Though a soldier can report symptoms of PTSD, only medical professionals can determine the appropriate diagnosis. Soldiers undergoing medical treatment for mental health issues endure a process of screening and evaluation.

It was confirmed that Lopez took medications for his mental health issues, including Ambien as well as medications to treat anxiety and depression.

Responding to a question about whether Lopez had been wounded in Iraq, General Milley said, “There are reports he self-reported a traumatic brain injury." The general indicated that medical experts had not confirmed the diagnosis of brain injury.

Veterans groups, leery of seeing veterans depicted as mentally unstable and violence prone, have urged restraint among people searching for the killer’s motives.

While it’s possible that Lopez was suffering from PTSD, he may also have had mental disorders that predated his military service, as was the case with Washington Navy Yard shooter, Aaron Alexis. Or, he may have had psychological problems that began while he was in the military, but were unrelated to his service in Iraq.

Currently there is no solid evidence to the nature of his mental health issues, what caused them, or what treatments he had been receiving.

On Thursday, Secretary of the Army John McHugh told the Senate Armed Services Committee that Lopez "had a clean record” without any major disciplinary issues. Lopez visited a psychiatrist last month according to McHugh, and did not show "any sign of likely violence to himself or others.”

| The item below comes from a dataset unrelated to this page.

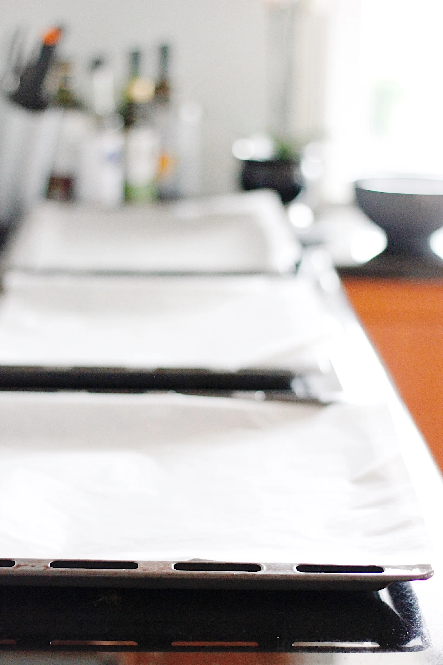 Ha dem i ovnen på 150 grader i 45 min. Etter 45 min, bruker du en pizza kutter og skjærer dem i ruter og skifter plass på brettene og lar dem stå i 45 min til i ovnen (sjekk etter 20 min).
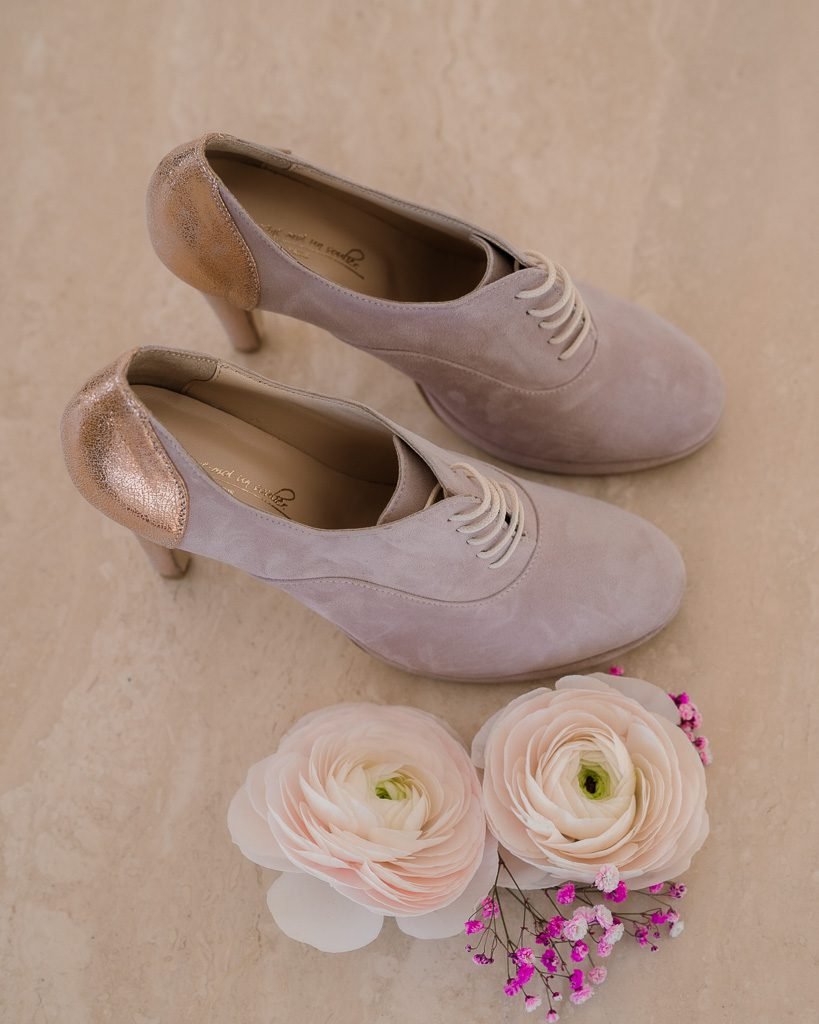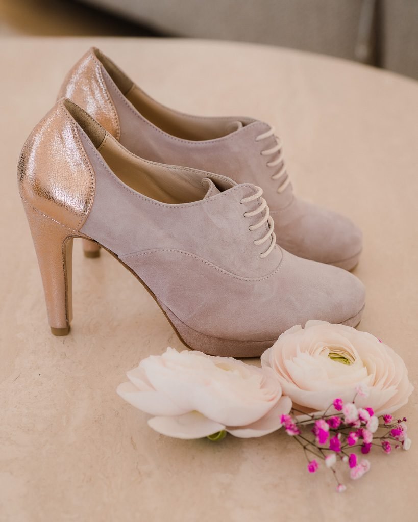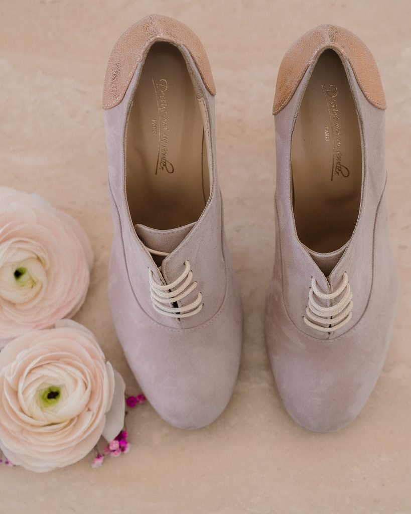 Avec leur teinte rose poudrée, ces richelieus à talons d’hiver pour mariée sont un choix idéal pour une allure moderne et sophistiquée. Commandez dès aujourd’hui pour compléter votre tenue de mariage hivernale avec élégance et confort !

In some of his closing remarks, General Milley addressed the issue of private guns being carried by soldiers on Fort Hood in response to reports that Lopez had used an unregistered handgun, which are prohibited on military bases.

“I don’t endorse carrying concealed weapons on base,” he said. “If you have a weapon and you’re on base it’s supposed to be registered on base. This weapon was not registered on base.”

Asked whether security protocols would be modified in light of a prohibited weapon being smuggled on base and used in Wednesday’s shooting, the general said, “I will be reviewing all of those procedures.

“Right now my concern is with the families, those who were injured and those killed.”